I'm converting a legacy app from ISO-8859-1 to UTF-8, and I've used a number of resources to determine what I need to set to get this to work. However, after several configuration, code, and environment changes, my Servlet (in Tomcat 5) doesn't seem to process submitted HTML form content as UTF-8.

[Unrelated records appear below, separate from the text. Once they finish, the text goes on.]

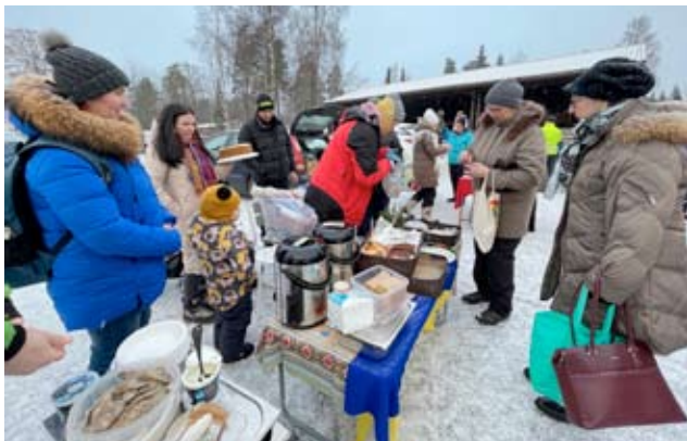
Ukrainalaisilla oli myynnissä monenlaisia leipomuksia, pullia, kakkuja ja piirakoita. Ne kävivät hyvin kauppansa.

Ähtärin kirkossa laulettiin ensimmäisenä adventtina Hoosiannaa ja sen jälkeen kirkon pihassa pidettiin ensimmäistä kertaa adventtimarkkinat. Kaupan oli monenmoista, ja seurakunta tarjosi kaikille lämpimät glögit ja piparit. Osa Ähtärin Mieskuorosta oli laulamassa tunnelmallisia jou-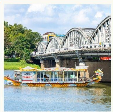
ล่องเรือมังกร แม่น้ำหอม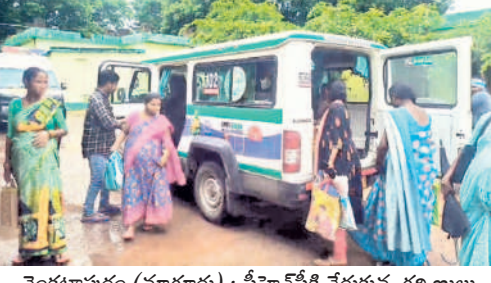
వెంకటాపూరు (నూగూరు) : సీహెచ్.సీ. చేరుకున్న గర్భిణులు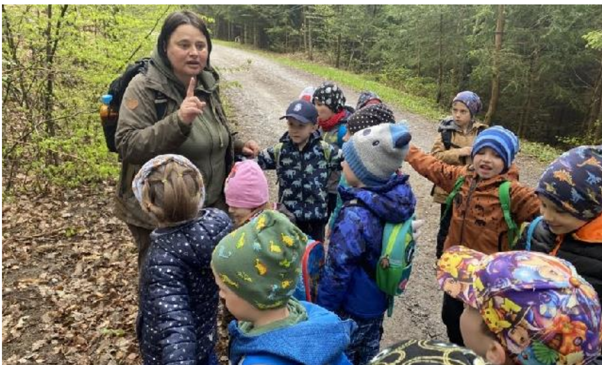
Jaro v lese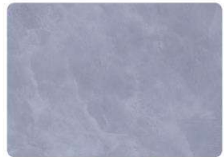
Plata / Silver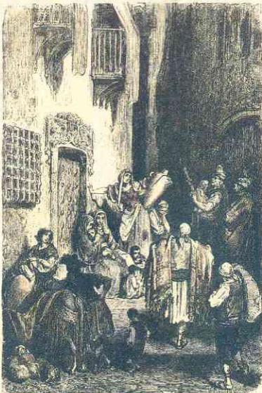
Calle de Albacete (dibujó de Gustavo Doré. Litografía editada por Heracleo Fournier) Siglo XIX.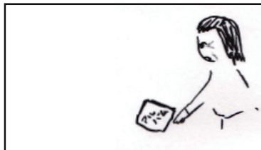
アルバムを見つける母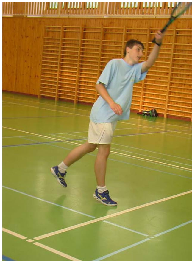
2006-30 Levačkou to chce s citem.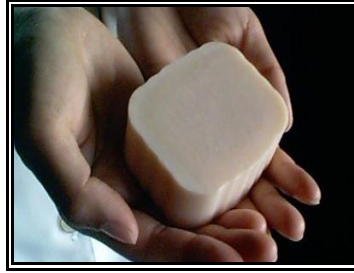
Resim 1.10: İyi bir eritken olan sabun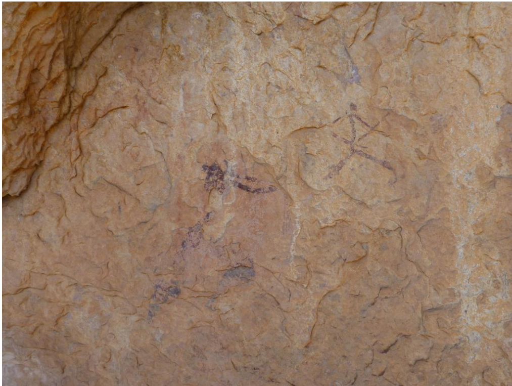
Conjunt abans de la intervenció de consolidació.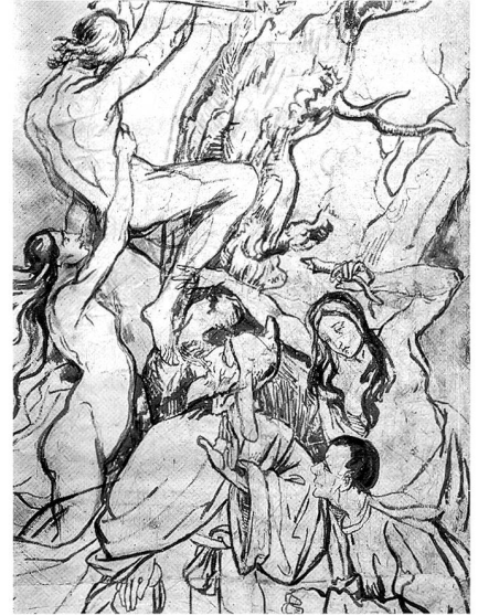
Oben: Disteli, Martin. Ausschnitte aus dem Karton zum Jüngsten Gericht. 1843. Tusche. Olten, Kunstmuseum.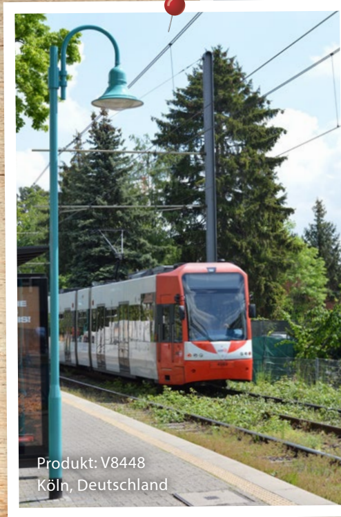
Produkt: V8448 Köln, Deutschland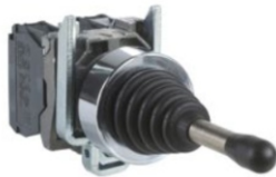
JOYSTICK 2 Y 3 POSICIONES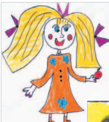
Юля КОТЕНКОВА, 5 лет.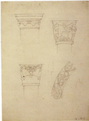
Rilievo dei capitelli e di un fregio di San Fedele, Como (AGT)

to della contemporaneità. Pensa che le nuove città di Berlino sono state costruite dal 1927 in poi.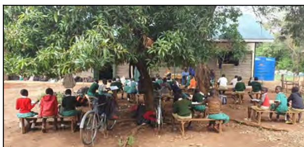
Skúšky vonku pod stromom.

Here's what I've set up for configuration.
- System properties
[user@server ~]$ locale LANG=en_US.UTF-8 LC_CTYPE="en_US.UTF-8" LC_NUMERIC="en_US.UTF-8" LC_TIME="en_US.UTF-8" LC_COLLATE="en_US.UTF-8" LC_MONETARY="en_US.UTF-8" LC_MESSAGES="en_US.UTF-8" LC_PAPER="en_US.UTF-8" LC_NAME="en_US.UTF-8" LC_ADDRESS="en_US.UTF-8" LC_TELEPHONE="en_US.UTF-8" LC_MEASUREMENT="en_US.UTF-8" LC_IDENTIFICATION="en_US.UTF-8" LC_ALL=
- tomcat5 server.xml
<Connector protocol="HTTP/1.1" ... URIEncoding="UTF-8" useBodyEncodingForURI="true"/>
- JSP file
<%@ page language="java" pageEncoding="UTF-8" contentType="text/html;charset=UTF-8" %> ... <meta http-equiv="Content-Type" content="text/html;charset=UTF-8">
- Servlet filter
public void doFilter(ServletRequest request, ServletResponse response, FilterChain chain) { if(request.getCharacterEncoding() == null) { request.setCharacterEncoding("UTF-8"); } ...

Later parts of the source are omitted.